1.5. Da memória e do testemunho, cortes aparentes

1.5.1. Dor e amor nas representações de gênero por Clara Charf

Há discursos testemunhais de tanta relevância que validam ou viabilizam a narrativa. É quando a memória ecoa a partir de um passado-presentificado (ou seria um presente que se tornou pretérito no Brasil?) sob tensão. Uma narrativa que ocorre ao som de tiros, compassado pelo espectro de virtudes, idealismo, fugidio entre o ontem e o presente que sobrou além dos documentos.
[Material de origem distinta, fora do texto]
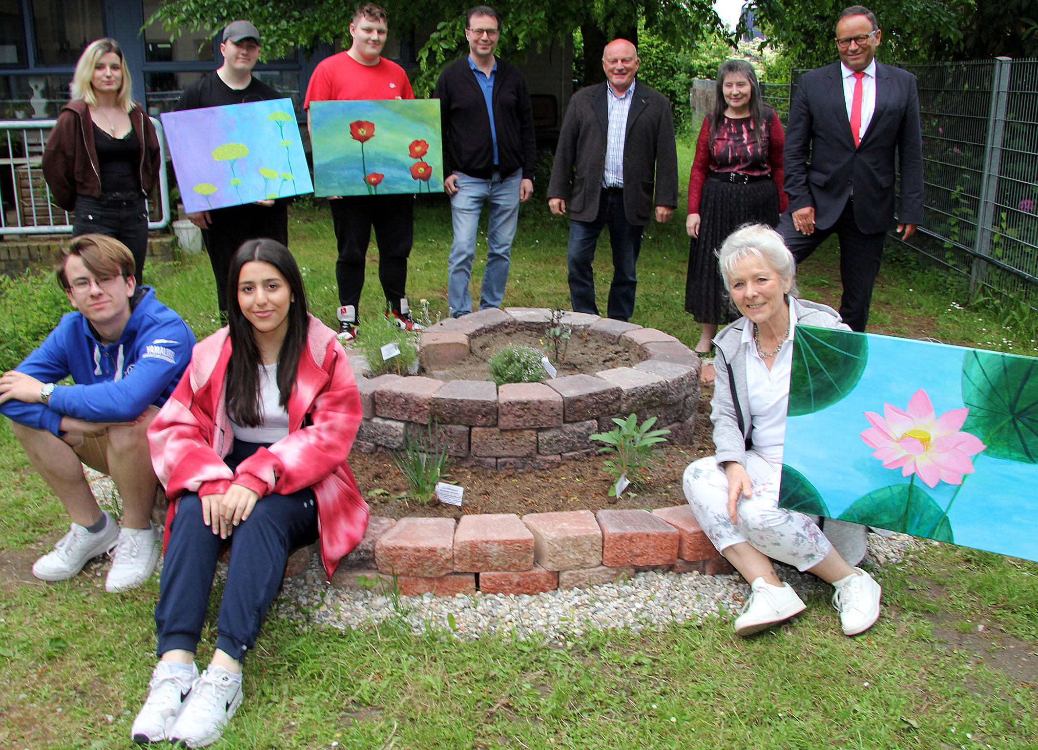 Schülerinnen und Schüler der Klasse 10 gestalteten mit der Kunstlehrerin Edith Beck-Kowolik, 3. v. r., die neue Kräuterspirale, deren Kosten die Sparkasse zum Jubiäum übernahm. Vorne rechts Dina Schwinges-Leo, dahinter nach links: Sparkassenvorstand Frank Rainer Laake, Johannes Munkes und Erhan Aydogan vom Team der Schulleitung.

Nas páginas biográficas escritas por Mário Magalhães, e também nas obras de Emiliano José e de Edson Teixeira da Silva Junior, ou nos documentários dirigidos por Isa Ferraz e Sílvio Tendler, uma personagem testemunhal, em especial, lança luz a discussões que se tornam referenciais nessas obras. É Clara Charf (a companheira de vida de Carlos Marighella), representada como uma mulher idealista, esposa do guerrilheiro durante 20 anos, de 1949 até o dia do assassinato dele, em novembro de 1969.

Essa mulher é identificada também como uma militante audaciosa e forte na jornada de combate a ditaduras (primeiro a de Vargas e, depois, a dos militares que tomaram o poder em 1964). Em um contraponto à ideia permanente que “Marighella é valente”, Clara ajuda a refazer a trajetória de um homem estudioso, determinado e “doce”. Sob essa autorização do sentir, Clara é representada como “amorosa”,

“sensível” e “idealista”. Mas, na trama, a revolucionária é apresentada em deslocamento, parceira do protagonista, e ativa nas reuniões da ALN, em contato com as ações urbanas de guerrilha. Vale, nesse sentido, em uma análise mais pontual sobre essas questões de gênero, o que Dalcastagnè (2015) havia criticado sobre ser primazia de personagens masculinos da ficção o movimento entre terrenos urbanos, restando à mulher o deslocamento para outros cenários, fora da cidade ou do país.

Nesse contexto de representação de gêneros, é indissociável a ideia do masculino guerreiro x feminino guerreiro. Mas as reafirmações de diferentes matizes, como de “beleza”, “organização”, “persistência”, “doçura” e “cuidado” são emprestadas de forma especial a essa personagem. Se Carlos age de forma até misteriosa, Clara é quem traz a narrativa para a racionalidade e a faz aflorar. Nos filmes, a personagem gravada demonstra imprecisões e incertezas ao relatar acontecimentos específicos.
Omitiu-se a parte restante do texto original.